Figure 1: The Treasure Game configuration used for the experimental analysis.


  In our experiment, primitives are used as building blocks in the construction of the option,
participating to the definition of 𝜋, 𝐼 and 𝛽. In more details, we create new options from scratch,
considering a slightly different definition of option 𝑜(𝑝, 𝑡, 𝐼, 𝜋, 𝛽) made up of the following
components:

    • 𝑝, the primitive used by the execution of 𝜋;
    • 𝑡, the primitive which, when available, stops the execution of 𝜋;
    • 𝜋, the policy applied by the option, consisting in repeatedly executing 𝑝 until 𝑡 is available
      or 𝑝 can no longer be executed;
    • 𝐼, the set of states from which 𝑝 can run;
    • 𝛽, the termination condition of the action, corresponding to the availability of the primitive
      𝑡 or to the impossibility of further executing 𝑝.

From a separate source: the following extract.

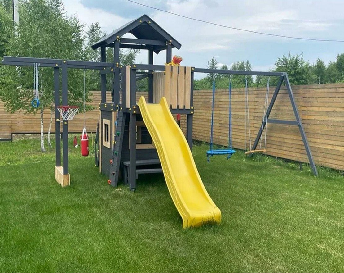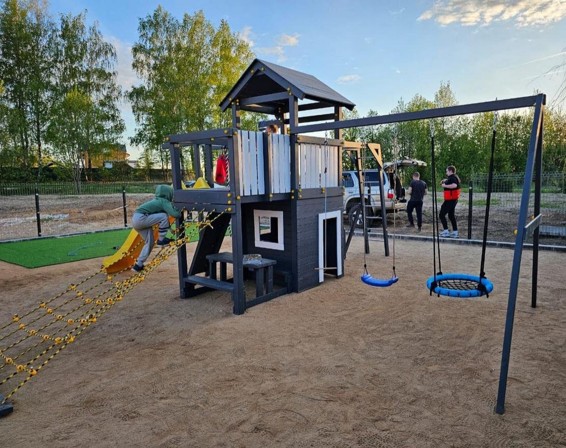 Максимально возможная комплектация в сочетании с турником, скамейками со столиком, домиком с окошками (теремок), в комплекте большая паутинка и пиратская лестница. Детская площадка в полной комплектации позволит вашим детям разнообразить свои игры на свежем воздухе, а так же пригласить своих друзей для веселого времяпрепровождения. Места хватит всем!

  Consequently, this definition of option requires 𝑝, to describe the policy and where it can run,
and 𝑡, to define the condition stopping its execution, maintaining its characteristic temporal
abstraction. For the sake of simplicity, the option’s definition will follow the more compact
syntax 𝑜(𝑝, 𝑡) in the remainder of the paper.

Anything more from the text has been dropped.